The relationship would seem arbitrary if you do this depending on where near and far clip planes landed…but I suppose it’s already arbitrary.

How about a floating point W buffer. You do still want and need more precision towards the viewer. FP W buffer would give a more consistent and pleasing depth precision distribution over a broader (and more typical) range of near and far clip values without the nasty side effects when you have the near clip too close to the eye, which is the real reason most people have precision problems with Z buffer.

[This message has been edited by dorbie (edited 04-16-2002).]

The w-buffer is always floating-point, which is why I was thinking of using it. W = 1/Z, so if W was an integer, it would always be zero.

CGameProgrammer,

There’s nothing that says that w-buffering must be done in floating point. That may be the way it’s done in Direct3D, but that doesn’t mean it can’t be done in fixed point.

Cass

Actually you’re right, I was thinking of taking the inverse of an integer… but just as the floating-point Z coordinates are scaled to (0…65535) or (0…16777216), so too could the W-coordinates be converted to fixed point.

There’s a paper about the various z-buffer and w-buffer precision issues (and the glDepthRange-hack cass talks about), it’s called “Optimal Depth Buffer for Low-Cost Graphics Hardware” (look for this on Google). Might give some more insight…

Michael

The issue is how W is stored in the framebuffer and used for comparrison, not simply what comes off the transformed vertex.

As Cass says the stored representation is everything and a float representation isn’t a given. That takes floating point fragment interpolators. It is wrong to describe a w buffer as linear if it is stored as a float.

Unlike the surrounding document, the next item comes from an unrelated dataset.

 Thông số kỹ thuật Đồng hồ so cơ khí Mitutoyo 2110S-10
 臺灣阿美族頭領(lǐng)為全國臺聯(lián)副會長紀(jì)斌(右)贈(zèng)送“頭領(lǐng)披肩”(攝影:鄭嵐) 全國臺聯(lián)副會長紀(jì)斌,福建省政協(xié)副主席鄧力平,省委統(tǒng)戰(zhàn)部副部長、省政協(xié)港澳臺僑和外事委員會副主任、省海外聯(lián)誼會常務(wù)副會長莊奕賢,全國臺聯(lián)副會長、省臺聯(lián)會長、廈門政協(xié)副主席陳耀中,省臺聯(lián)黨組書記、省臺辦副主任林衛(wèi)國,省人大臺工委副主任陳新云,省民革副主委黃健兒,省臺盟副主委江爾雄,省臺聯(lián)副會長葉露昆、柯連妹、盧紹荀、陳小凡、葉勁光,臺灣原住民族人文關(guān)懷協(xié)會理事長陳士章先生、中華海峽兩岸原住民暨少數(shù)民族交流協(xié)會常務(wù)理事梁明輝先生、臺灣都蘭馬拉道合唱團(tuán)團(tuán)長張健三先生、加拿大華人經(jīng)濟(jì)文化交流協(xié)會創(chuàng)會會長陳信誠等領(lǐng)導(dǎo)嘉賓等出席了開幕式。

My apologies to Cass, I never read your post fully when I wrote what I did. A fp W seems intuitively to have some inherently attractive properties, although perhaps a scaled fp ‘linear’ value between a zero near value and any programmable far value before you store to limited precision would permit almost complete control of precision throughout the ‘linear’ range.

It could be a lot of extra work though.

[This message has been edited by dorbie (edited 04-17-2002).]

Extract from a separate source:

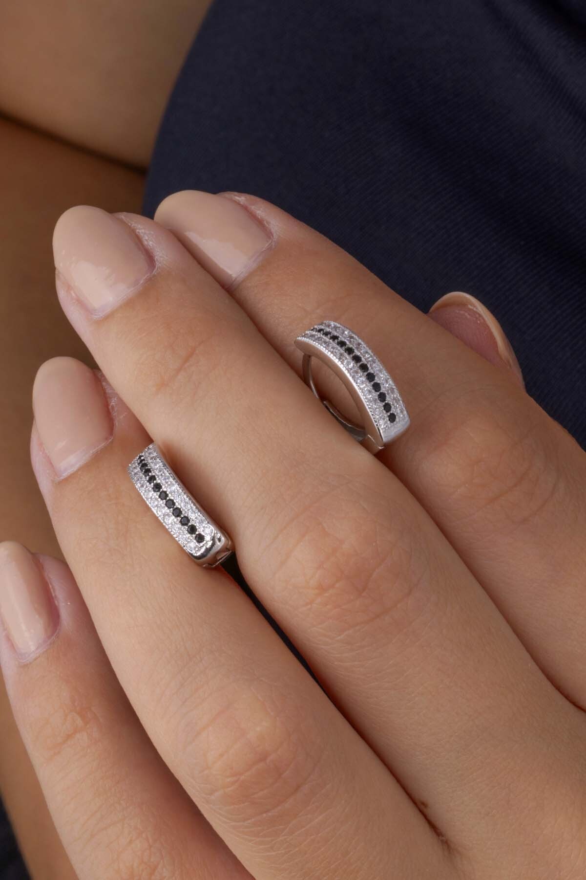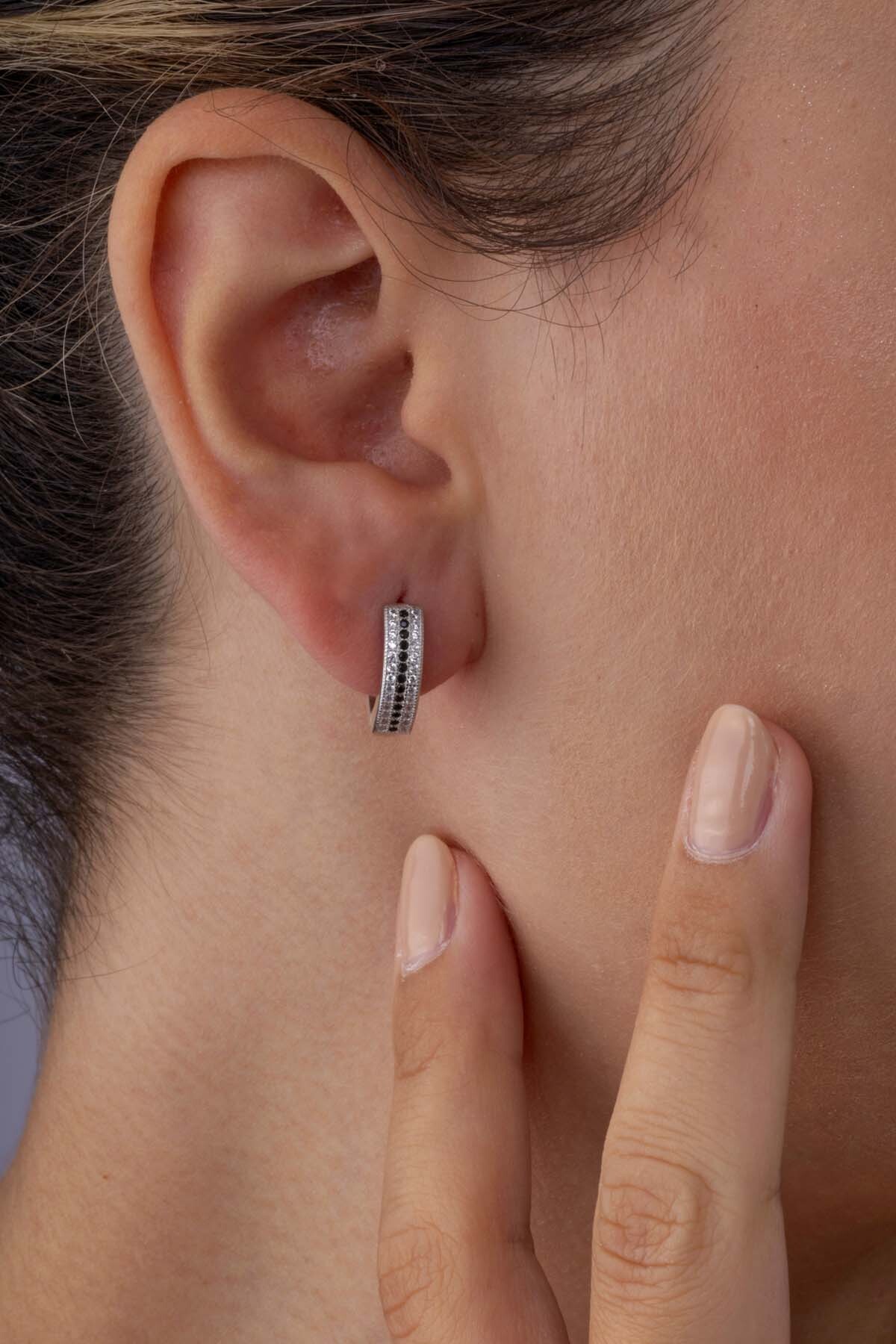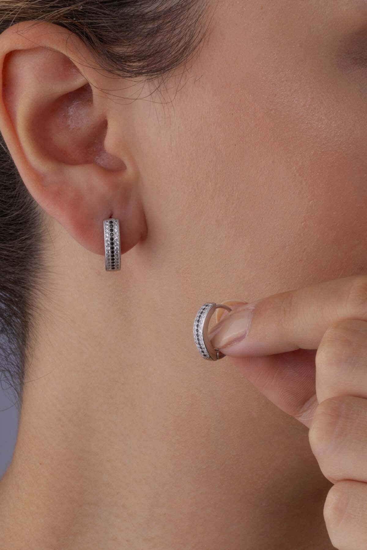 Siyah Taş Geçişli 3 Sıra Yarım Tur Gümüş Kadın Küpe - 2

I have to ask, why are there no 32-bit z-buffers? I thought it was because of the video memory such a buffer would take up, but since the newer graphics cards offer plenty of video memory, surely it would at least be an option now if that was the only problem.

Do the cards use some sort of optimization for comparison that depends on the size of each entry in the z-buffer? I would have thought a 32-bit comparison would be faster than a 24-bit one, since it’s a dword.

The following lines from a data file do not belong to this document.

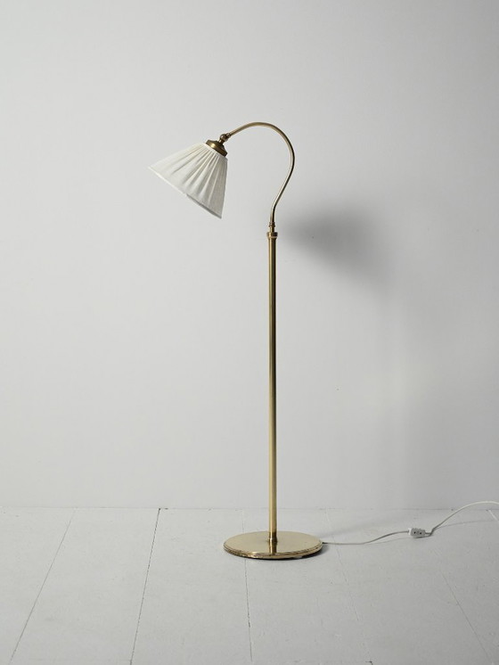 Lámpara de pie escandinava de latón con cuello curvo, años 50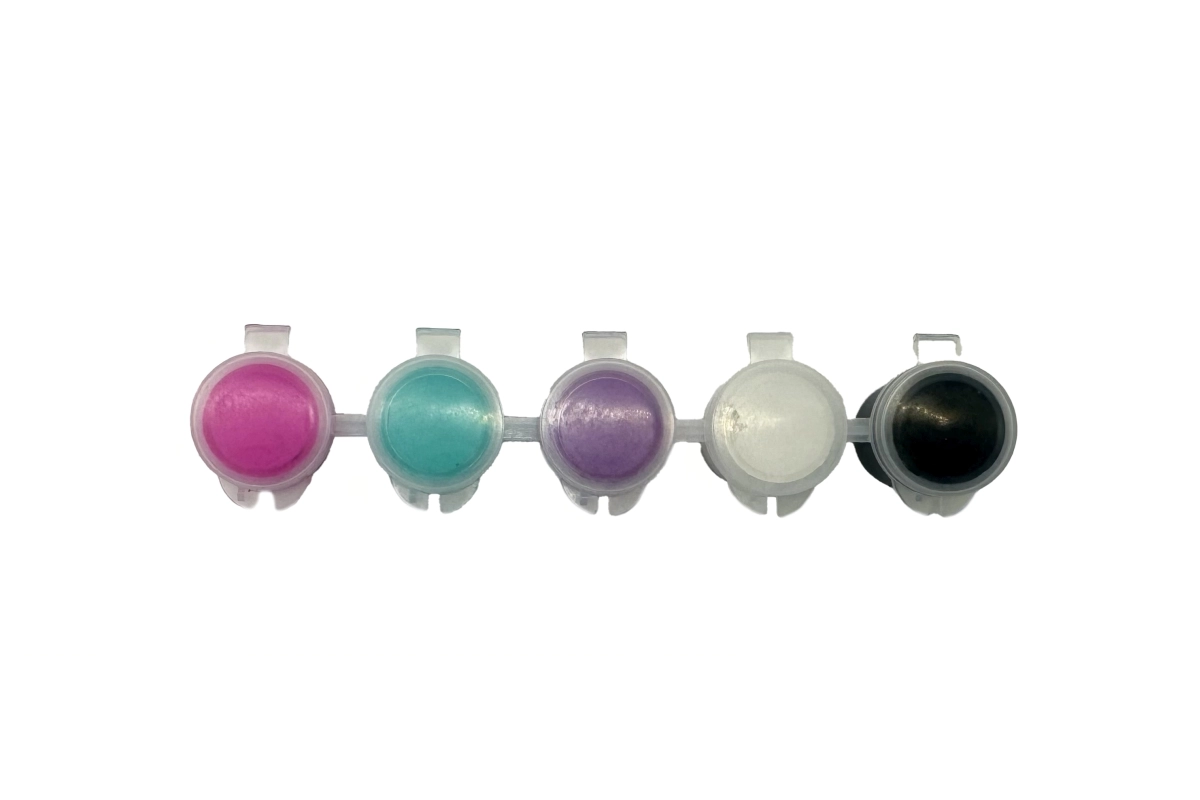 Sada zahŕňa 5 pastelových odtieňov v prepojených kelímkoch s odklápacími viečkami. Farby sa neprelievajú a menej sa rozlievajú – ideálne pre detské tvorenie.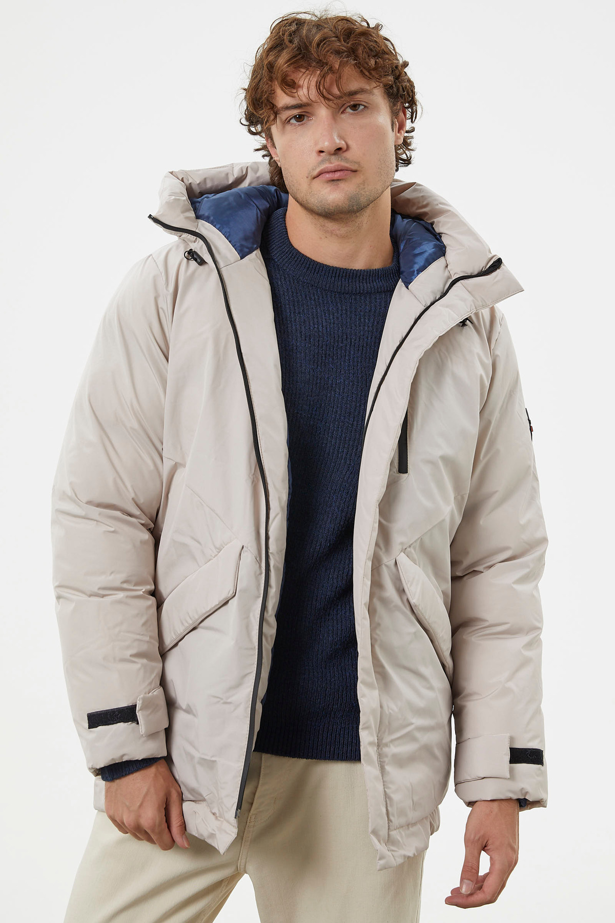کاپشن پفی کلاهدار با جزئیات آستین – سنگی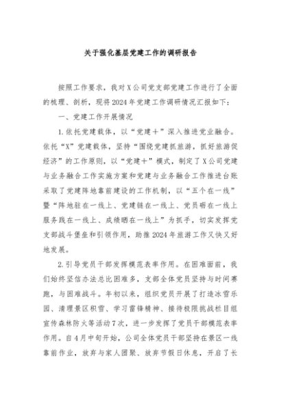 / 【七哥公文】2024年:关于强化基层党建工作的调研报告+更多免费公文+VX:QiGeGongWen2024

On nVidia cards, 24-bit Z-Buffer also gives 8 bits of stencil, so it becomes 32-bit aligned.

j

what about that extension ? http://oss.sgi.com/projects/ogl-sample/registry/EXT/wgl_depth_float.txt

According to delphi3D, no card supports it

CGameProgrammer, are you aware of any video card on the market that has a core design that actually started shipping less than ~3 years ago?

All we have to do is wait and good things will come to us.

My comments about scaling would not apply to a 32 bit float (but would to 32 bit int and maybe fixed point) since any messing around with the value would be bad for precision unless you get better than 32 bit from the vertex transformation. So you’d probably want to interpolate right off the coordinate and store it. A few extra bits in the evaluation of fragment depth becomes desirable. You end up deep in fp arithmetic precision issues which then have a greater effect on fragment z than the representation you choose to store. One principal should probably be modify the data as little as possible after the transform, but you have to consider the fragment evaluation arithmetic precision too.

One thing seems likely, fp 32 bit depth buffers will have limitations elsewhere and those limitations will be virtually impossible to know, without detailed knowledge of the hardware and more smarts than I have.